On the April 21, 2008 edition of RAW, the three-hour broadcast was a one-night, self-contained King of the Ring tournament; Regal bested Hornswoggle and Finlay in the quarterfinals and semifinals before handing CM Punk his first submission loss in the finals.
His Career After King of the Ring
Being named royalty (as opposed to just nobility) afforded Regal the opportunity to add more pomp and flair to his attire and ring robes; sadly, he would take a sixty-day suspension for wellness violations within a month of his coronation, but would return to take the Intercontinental Championship from Santino Marella, which Regal would lose in a feud with Punk.
Regal would float between kayfabe authority roles, the lower card, and ECW, then become heavily involved in the NXT brand and Florida Championship Wrestling (the latter, eventually, becoming NXT itself); as NXT established itself in its early run, Regal squared off against a who's who of current stars owing their success to the yellow brand, including Cesaro, Adrian Neville, Corey Graves, and Bray Wyatt.
Upon his official retirement, Regal moved into permanent office positions both onscreen and off, becoming the kayfabe NXT General Manager and the real-life Director of Talent Development and Global Recruiting; it was Regal who brought men like Kevin Owens and Johnny Gargano to NXT, having scouted their work on the independent scene.
#9 Sheamus
Sheamus is more successful in his career than your average King of the Ring, as a recent Instagram can attest; he is the only other person besides Edge to be able to claim a King of the Ring crown, a Money in the Bank briefcase, and a Royal Rumble victory.

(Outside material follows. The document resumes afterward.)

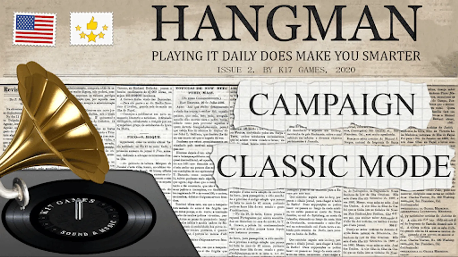 Welcome to the world of Hangman, a classic word guessing game that will surely test your knowledge. Enjoy a truly retro paper and pen experience and a smooth jazz soundtrack to accommodate the journey of endless word puzzle fun. Whether you're looking to beat the campaign mode or just enjoy a casual word-guessing, we’ve got you covered. Choose from a variety of categories and challenge your mind as you search for hidden words and solve puzzles.

Two of those three (the briefcase and the Rumble win) resulted in a championship victory for the Celtic Warrior (both in record time) but, unfortunately, the King of the Ring title led to little more than a bad costume change.
By the time Sheamus won the tournament in 2010, he had already twice won the WWE Championship, losing his second title two months prior to entering the brackets in a six-pack challenge to Randy Orton (Sheamus would lose the rematch in a Hell in a Cell match as well). King of the Ring seemed like a consolation for the spiky-haired redhead.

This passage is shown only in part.